Data in this exercise:

◇ ◇ ◇

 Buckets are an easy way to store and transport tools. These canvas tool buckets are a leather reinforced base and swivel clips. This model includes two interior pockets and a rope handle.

◇ ◇ ◇

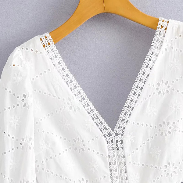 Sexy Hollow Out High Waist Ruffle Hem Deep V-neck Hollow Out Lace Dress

◇ ◇ ◇

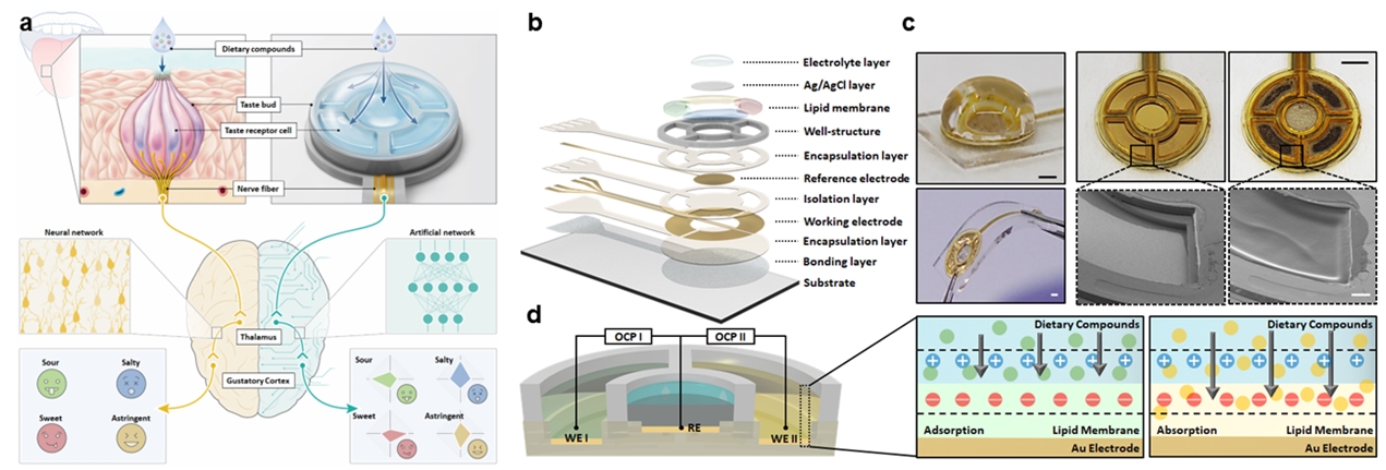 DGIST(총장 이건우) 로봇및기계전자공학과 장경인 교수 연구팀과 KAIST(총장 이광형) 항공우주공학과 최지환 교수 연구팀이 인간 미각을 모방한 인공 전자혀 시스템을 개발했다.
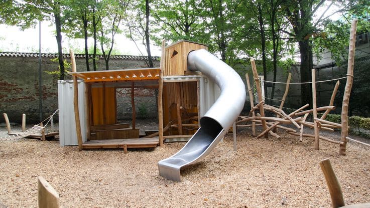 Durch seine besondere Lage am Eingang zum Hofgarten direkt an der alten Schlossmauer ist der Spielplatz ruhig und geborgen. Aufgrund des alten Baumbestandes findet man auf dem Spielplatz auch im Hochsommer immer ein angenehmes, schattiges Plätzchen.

◇ ◇ ◇

Exercise aim: Range to print from the listing above: from the line with "DGIST(총장 이건우) 로봇및기계전자공학과" up to and including the line with "Durch seine besondere". Please print those lines exactly, with no pictures and nothing more.

Exercise answer:
 DGIST(총장 이건우) 로봇및기계전자공학과 장경인 교수 연구팀과 KAIST(총장 이광형) 항공우주공학과 최지환 교수 연구팀이 인간 미각을 모방한 인공 전자혀 시스템을 개발했다.
 Durch seine besondere Lage am Eingang zum Hofgarten direkt an der alten Schlossmauer ist der Spielplatz ruhig und geborgen. Aufgrund des alten Baumbestandes findet man auf dem Spielplatz auch im Hochsommer immer ein angenehmes, schattiges Plätzchen.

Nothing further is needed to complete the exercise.